End-to-end pipeline covering dataset assembly, preprocessing, feature engineering, dimensionality checks, model training with hyperparameter search, and evaluation on original vs oversampled data.

Motivation

Fraud datasets are highly imbalanced and may come pre-split in ways that bias results.
This project recombines the original train/test CSVs and performs a fresh randomized split to ensure fair evaluation and reproducibility.

Dataset

Two CSVs are combined into a single combined_csv.csv, then split with train_test_split.
Columns include transaction metadata (time, amount, merchant/customer geolocation), demographics, and the target label is_fraud.

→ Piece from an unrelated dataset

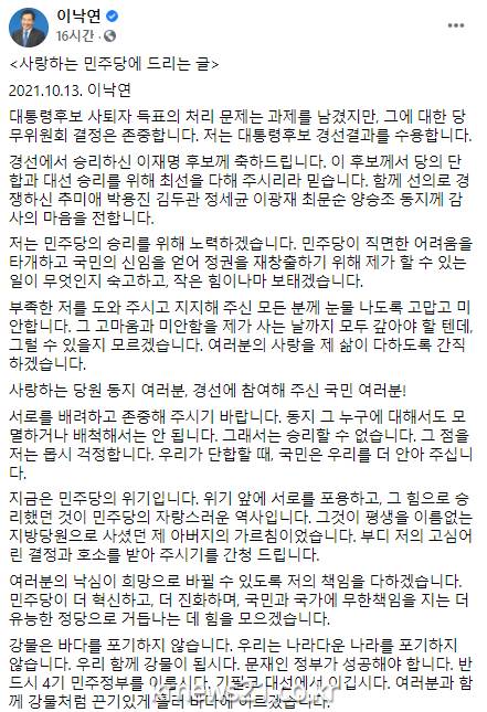 ▲ [이미지출처 = 이낙연 전 대표 페이스북]대선 경선 결과에 이의를 제기했던 더불어민주단 이낙연 전 대표가 당 당무위원회 결정을 받아들인다며 경선 결과도 수용하기로 했다.

Path note: Update the dataset folder path before running the combine step.

Setup

Python 3.10+ recommended

pip install -r requirements.txt

Core libraries: pandas, numpy, scipy, matplotlib, scikit-learn, imbalanced-learn, xgboost.

Workflow

Combine CSVs → combined_csv.csv
Load & inspect datatypes and nulls (none initially)
Preprocess
Drop high-cardinality / ID-like or free-text fields (e.g., cc_num, trans_num, names, streets)
Convert/expand datetime → hour, day (0–6), month
Derive age from dob
Feature engineering (see below)
Encode categorical features (category, gender) via One-Hot Encoding
Train/test split (random_state=42)
Outlier guardrails (IQR checks for age, amt; cap age at 98 in this study)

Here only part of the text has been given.